My Thoughts About Agency Pricing Models

By jameszol
Published on August 15, 2008

eVisibility wrote about their new ppc management price model this morning…and I walked away shaking my head a little bit because I felt like they were attacking a majority of agencies out there (not us, thank you eVisibility). :)

It seems that there are three typical pricing models for ppc agencies out there: percentage of ad spend, performance based (% of net or gross profits, flat fee for sales/units sold, lead volume, etc) and hourly (eVisibility’s new pricing model). There can be hybrids too…so technically, there are quite a few ways to twist all the models into what you think is best for your agency or your company.
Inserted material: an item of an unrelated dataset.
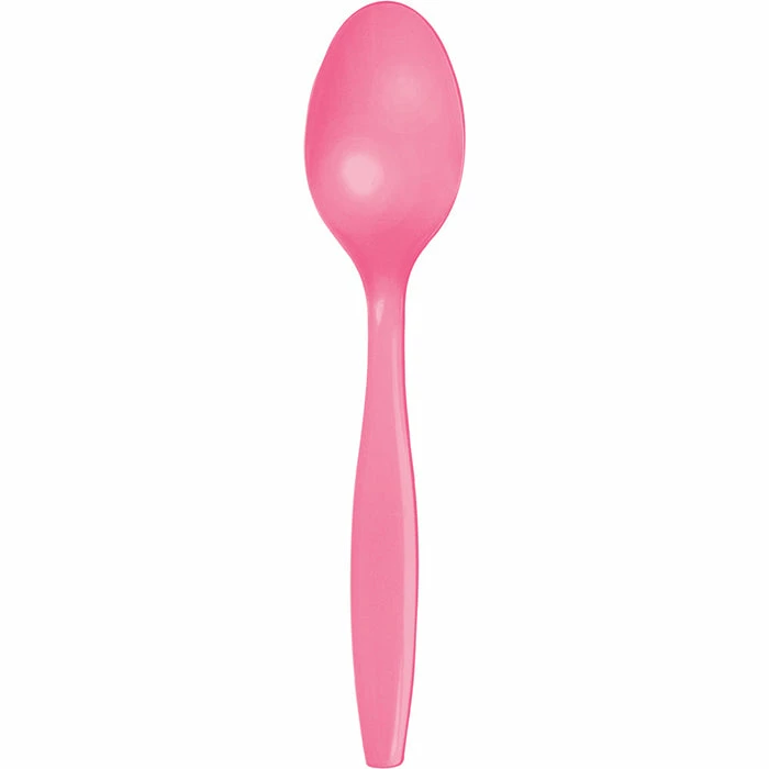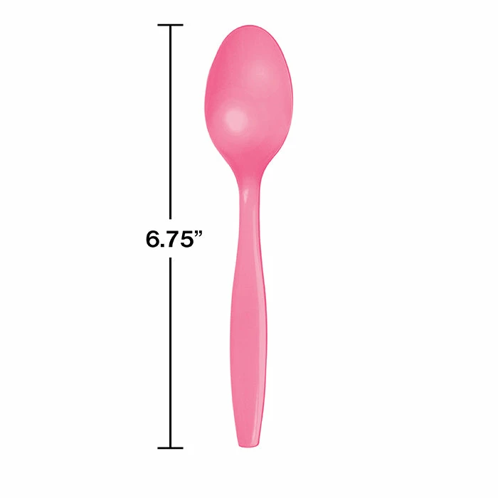 Details: Celebrate in style with our Candy Pink Plastic Spoons. These candy pink spoons will add a charming touch of light pink to any buffet or dining table. Our disposable serving spoons are made from premium plastic to ensure durability through an entire meal service. Our heavy duty plastic silverware offers quick and easy post-party clean-up, too; simply throw away or recycle these disposable serving spoons after use. Darling and durable, our candy pink plastic cutlery is available at a great price to ensure significant savings for wholesale buyers who need budget-friendly candy pink cutlery. Pair these candy pink plastic spoons with plastic cutlery in other colors for a really enchanting look. For this price, you get one package containing (24) Candy Pink Plastic Spoons. Approximate Dimensions: 6 in

This is my personal opinion and view on each of the pricing models. But, I’m going to give away my bottom line first:

EVERY pricing model can work for the company that is outsourcing the function if the ppc management company is ethical, hard working and willing to manage based on their client’s key performance indicators regardless of the agency’s pricing model. I believe, without a doubt, that most agencies really care about their client’s bottom line, regardless of the pricing model. You build trust and authority with your client base, and deliver fantastic results then the natural course of action is for them to spend more and spending more leads to more sales at an acceptable fee – and if there is ROI, then the client will continue growing…and the agency will too.

Percentage of Ad Spend

This is definitely a tried and true model – and it fits for the traditional ad agency. If a traditional agency is expanding, then they can offer this function as part of their regular services and it would simply make sense to the client that paying this is like paying their traditional media company to do their media buys. It’s normal, it’s trusted and I’m confident this model will stick around for a long time.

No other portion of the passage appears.